This is not quite the Sieve of Eratosthenes. The true sieve touches only the multiples of each prime, so it has complexity \$n \log \log n\$. Filtering copies the whole list repeatedly, which is equivalent to a different algorithm, trial division, with different complexity (probably \$n^2 / (\log n)^2\$). That's a dramatic difference, which led Melissa O'Neill to write a slightly famous academic rant about this.

But that's not a problem for an educational program. The rest of this review is about your implementation.

Recursing on each prime has depth \$\pi(n) \approx n / \log n\$, which will overflow the stack for any large \$n\$. Can you do it iteratively instead?

Names

iterable is a misleading name: the function uses len(iterable), but iterables don't necessarily support len. So it doesn't work on all iterables.

iterable is also an uninformative name: it doesn't say what the argument means.
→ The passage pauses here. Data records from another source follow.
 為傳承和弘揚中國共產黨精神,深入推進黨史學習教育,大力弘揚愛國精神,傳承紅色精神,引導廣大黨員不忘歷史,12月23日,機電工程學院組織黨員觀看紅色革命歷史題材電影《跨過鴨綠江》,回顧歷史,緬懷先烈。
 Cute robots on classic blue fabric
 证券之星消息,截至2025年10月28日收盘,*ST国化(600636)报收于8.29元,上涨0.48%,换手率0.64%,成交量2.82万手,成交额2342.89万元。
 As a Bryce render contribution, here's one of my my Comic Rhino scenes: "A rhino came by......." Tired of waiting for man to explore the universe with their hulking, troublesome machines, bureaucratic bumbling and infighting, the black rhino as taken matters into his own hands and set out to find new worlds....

It isn't just any iterable, it's a list of candidate primes, so it could be called candidates.

Similarly, container isn't just any container, it's a list of primes, so it should be called primes. Also, sieve modifies it, which is unusual enough that it requires a comment, and it could even appear in the name: it could be called output_primes.

Interface

Modifying an argument is confusing and error-prone. Why not build a list and return it?

Why does the caller need to provide a list of candidates? Wouldn't it be simpler to just pass n and have sieve take care of building the candidates?
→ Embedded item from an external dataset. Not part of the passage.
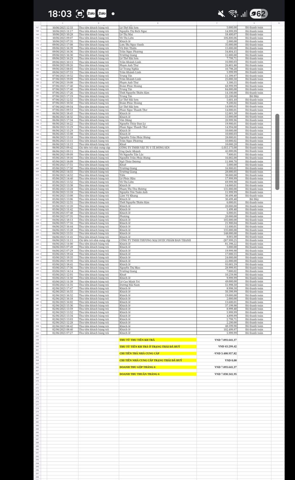 $-$ Doanh thu gộp : $7,093,641,37$

If the recursive function needs a different interface from the caller, you can use one function to do the recursion, and wrap it with another that presents a clean interface to the caller.

Innards

Repetition: container.append(iterable[0]) appears in both branches of the if. It could be moved before the if.

The program checks len(iterable) != 1, so what happens if len(iterable) == 0? Oops: it tries to use iterable[0] and crashes. It's generally safest to check for 0, not 1. This would also get rid of the repetition.

Optimization

Improving the algorithm will help a lot more than micro-optimizing. If you switch to the true Sieve of Eratosthenes and it still isn't fast enough, there are algorithmic improvements like the Sieve of Sundaram.

Before optimizing, measure performance! Optimization is hard and it's easy to get it wrong, so let measurements guide you.

Other

This function should have a docstring saying what it does: "Prime number sieve: Given a list of candidates, append the primes to output_primes."

Your question says the program uses filter, but it actually uses a list comprehension to do the same thing. This is not a problem with the program, just slightly confusing.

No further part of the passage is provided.